[Data extracted from a collection]

......

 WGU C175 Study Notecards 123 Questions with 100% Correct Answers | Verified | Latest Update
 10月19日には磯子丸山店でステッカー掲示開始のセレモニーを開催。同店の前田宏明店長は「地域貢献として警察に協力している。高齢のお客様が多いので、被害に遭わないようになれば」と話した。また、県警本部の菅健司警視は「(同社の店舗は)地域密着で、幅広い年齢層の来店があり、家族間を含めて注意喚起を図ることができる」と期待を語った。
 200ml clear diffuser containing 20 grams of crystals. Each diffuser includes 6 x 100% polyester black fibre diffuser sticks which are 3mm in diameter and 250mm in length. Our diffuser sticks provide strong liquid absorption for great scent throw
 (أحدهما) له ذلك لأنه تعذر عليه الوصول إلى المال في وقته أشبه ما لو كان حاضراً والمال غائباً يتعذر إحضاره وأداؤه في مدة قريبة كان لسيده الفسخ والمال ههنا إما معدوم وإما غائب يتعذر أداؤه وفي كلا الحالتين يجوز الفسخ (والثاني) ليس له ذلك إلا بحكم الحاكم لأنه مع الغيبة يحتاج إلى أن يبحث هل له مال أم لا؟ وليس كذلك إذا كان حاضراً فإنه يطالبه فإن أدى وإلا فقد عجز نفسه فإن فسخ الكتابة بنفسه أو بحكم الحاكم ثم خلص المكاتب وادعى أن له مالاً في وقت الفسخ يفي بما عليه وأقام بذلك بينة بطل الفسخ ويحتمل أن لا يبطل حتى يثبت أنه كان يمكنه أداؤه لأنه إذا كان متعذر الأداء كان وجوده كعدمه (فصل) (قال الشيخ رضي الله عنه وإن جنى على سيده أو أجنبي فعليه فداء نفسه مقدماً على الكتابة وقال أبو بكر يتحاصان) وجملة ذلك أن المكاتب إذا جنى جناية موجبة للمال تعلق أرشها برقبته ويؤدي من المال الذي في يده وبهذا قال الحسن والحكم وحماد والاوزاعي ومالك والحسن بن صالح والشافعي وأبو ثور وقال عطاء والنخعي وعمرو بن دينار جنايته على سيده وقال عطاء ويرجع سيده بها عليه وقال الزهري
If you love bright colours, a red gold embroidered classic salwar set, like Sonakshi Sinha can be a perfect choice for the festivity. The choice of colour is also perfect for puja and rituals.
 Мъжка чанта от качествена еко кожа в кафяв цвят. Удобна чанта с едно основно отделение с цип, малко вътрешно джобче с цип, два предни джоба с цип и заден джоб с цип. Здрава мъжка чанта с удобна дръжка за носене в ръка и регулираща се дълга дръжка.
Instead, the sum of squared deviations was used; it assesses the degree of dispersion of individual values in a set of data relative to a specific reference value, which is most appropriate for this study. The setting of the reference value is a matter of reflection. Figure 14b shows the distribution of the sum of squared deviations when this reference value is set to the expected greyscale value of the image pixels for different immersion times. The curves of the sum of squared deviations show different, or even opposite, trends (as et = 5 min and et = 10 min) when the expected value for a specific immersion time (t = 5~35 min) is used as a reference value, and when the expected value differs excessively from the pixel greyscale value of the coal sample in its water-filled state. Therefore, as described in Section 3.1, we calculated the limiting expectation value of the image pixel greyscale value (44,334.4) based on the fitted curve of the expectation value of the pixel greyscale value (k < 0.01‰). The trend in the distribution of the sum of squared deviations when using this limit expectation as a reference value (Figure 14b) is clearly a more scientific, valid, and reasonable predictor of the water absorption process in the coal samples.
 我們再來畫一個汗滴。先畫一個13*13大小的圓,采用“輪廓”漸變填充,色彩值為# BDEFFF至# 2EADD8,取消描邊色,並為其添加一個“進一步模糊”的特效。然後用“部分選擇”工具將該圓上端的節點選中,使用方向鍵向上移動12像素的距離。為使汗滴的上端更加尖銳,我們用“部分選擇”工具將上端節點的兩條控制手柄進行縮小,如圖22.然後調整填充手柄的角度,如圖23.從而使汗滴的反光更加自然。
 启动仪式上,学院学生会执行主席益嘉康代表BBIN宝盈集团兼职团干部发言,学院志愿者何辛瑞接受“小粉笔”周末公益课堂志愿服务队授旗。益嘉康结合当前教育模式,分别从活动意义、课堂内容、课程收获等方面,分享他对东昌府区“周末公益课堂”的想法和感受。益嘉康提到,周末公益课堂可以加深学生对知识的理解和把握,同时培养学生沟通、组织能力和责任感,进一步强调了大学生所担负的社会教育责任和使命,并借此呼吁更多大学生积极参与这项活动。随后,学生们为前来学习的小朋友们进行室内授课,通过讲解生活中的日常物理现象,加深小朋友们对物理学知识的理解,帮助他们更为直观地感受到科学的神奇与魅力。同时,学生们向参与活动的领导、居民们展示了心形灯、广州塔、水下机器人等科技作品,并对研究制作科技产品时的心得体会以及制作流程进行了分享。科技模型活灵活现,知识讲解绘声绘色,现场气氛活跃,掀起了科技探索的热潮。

......

## [Task statement]
What you return must match the entries exactly, word for word.

## [Output for this exercise]
 WGU C175 Study Notecards 123 Questions with 100% Correct Answers | Verified | Latest Update
 10月19日には磯子丸山店でステッカー掲示開始のセレモニーを開催。同店の前田宏明店長は「地域貢献として警察に協力している。高齢のお客様が多いので、被害に遭わないようになれば」と話した。また、県警本部の菅健司警視は「(同社の店舗は)地域密着で、幅広い年齢層の来店があり、家族間を含めて注意喚起を図ることができる」と期待を語った。
 200ml clear diffuser containing 20 grams of crystals. Each diffuser includes 6 x 100% polyester black fibre diffuser sticks which are 3mm in diameter and 250mm in length. Our diffuser sticks provide strong liquid absorption for great scent throw
 (أحدهما) له ذلك لأنه تعذر عليه الوصول إلى المال في وقته أشبه ما لو كان حاضراً والمال غائباً يتعذر إحضاره وأداؤه في مدة قريبة كان لسيده الفسخ والمال ههنا إما معدوم وإما غائب يتعذر أداؤه وفي كلا الحالتين يجوز الفسخ (والثاني) ليس له ذلك إلا بحكم الحاكم لأنه مع الغيبة يحتاج إلى أن يبحث هل له مال أم لا؟ وليس كذلك إذا كان حاضراً فإنه يطالبه فإن أدى وإلا فقد عجز نفسه فإن فسخ الكتابة بنفسه أو بحكم الحاكم ثم خلص المكاتب وادعى أن له مالاً في وقت الفسخ يفي بما عليه وأقام بذلك بينة بطل الفسخ ويحتمل أن لا يبطل حتى يثبت أنه كان يمكنه أداؤه لأنه إذا كان متعذر الأداء كان وجوده كعدمه (فصل) (قال الشيخ رضي الله عنه وإن جنى على سيده أو أجنبي فعليه فداء نفسه مقدماً على الكتابة وقال أبو بكر يتحاصان) وجملة ذلك أن المكاتب إذا جنى جناية موجبة للمال تعلق أرشها برقبته ويؤدي من المال الذي في يده وبهذا قال الحسن والحكم وحماد والاوزاعي ومالك والحسن بن صالح والشافعي وأبو ثور وقال عطاء والنخعي وعمرو بن دينار جنايته على سيده وقال عطاء ويرجع سيده بها عليه وقال الزهري
If you love bright colours, a red gold embroidered classic salwar set, like Sonakshi Sinha can be a perfect choice for the festivity. The choice of colour is also perfect for puja and rituals.
 Мъжка чанта от качествена еко кожа в кафяв цвят. Удобна чанта с едно основно отделение с цип, малко вътрешно джобче с цип, два предни джоба с цип и заден джоб с цип. Здрава мъжка чанта с удобна дръжка за носене в ръка и регулираща се дълга дръжка.
Instead, the sum of squared deviations was used; it assesses the degree of dispersion of individual values in a set of data relative to a specific reference value, which is most appropriate for this study. The setting of the reference value is a matter of reflection. Figure 14b shows the distribution of the sum of squared deviations when this reference value is set to the expected greyscale value of the image pixels for different immersion times. The curves of the sum of squared deviations show different, or even opposite, trends (as et = 5 min and et = 10 min) when the expected value for a specific immersion time (t = 5~35 min) is used as a reference value, and when the expected value differs excessively from the pixel greyscale value of the coal sample in its water-filled state. Therefore, as described in Section 3.1, we calculated the limiting expectation value of the image pixel greyscale value (44,334.4) based on the fitted curve of the expectation value of the pixel greyscale value (k < 0.01‰). The trend in the distribution of the sum of squared deviations when using this limit expectation as a reference value (Figure 14b) is clearly a more scientific, valid, and reasonable predictor of the water absorption process in the coal samples.
 我們再來畫一個汗滴。先畫一個13*13大小的圓,采用“輪廓”漸變填充,色彩值為# BDEFFF至# 2EADD8,取消描邊色,並為其添加一個“進一步模糊”的特效。然後用“部分選擇”工具將該圓上端的節點選中,使用方向鍵向上移動12像素的距離。為使汗滴的上端更加尖銳,我們用“部分選擇”工具將上端節點的兩條控制手柄進行縮小,如圖22.然後調整填充手柄的角度,如圖23.從而使汗滴的反光更加自然。
 启动仪式上,学院学生会执行主席益嘉康代表BBIN宝盈集团兼职团干部发言,学院志愿者何辛瑞接受“小粉笔”周末公益课堂志愿服务队授旗。益嘉康结合当前教育模式,分别从活动意义、课堂内容、课程收获等方面,分享他对东昌府区“周末公益课堂”的想法和感受。益嘉康提到,周末公益课堂可以加深学生对知识的理解和把握,同时培养学生沟通、组织能力和责任感,进一步强调了大学生所担负的社会教育责任和使命,并借此呼吁更多大学生积极参与这项活动。随后,学生们为前来学习的小朋友们进行室内授课,通过讲解生活中的日常物理现象,加深小朋友们对物理学知识的理解,帮助他们更为直观地感受到科学的神奇与魅力。同时,学生们向参与活动的领导、居民们展示了心形灯、广州塔、水下机器人等科技作品,并对研究制作科技产品时的心得体会以及制作流程进行了分享。科技模型活灵活现,知识讲解绘声绘色,现场气氛活跃,掀起了科技探索的热潮。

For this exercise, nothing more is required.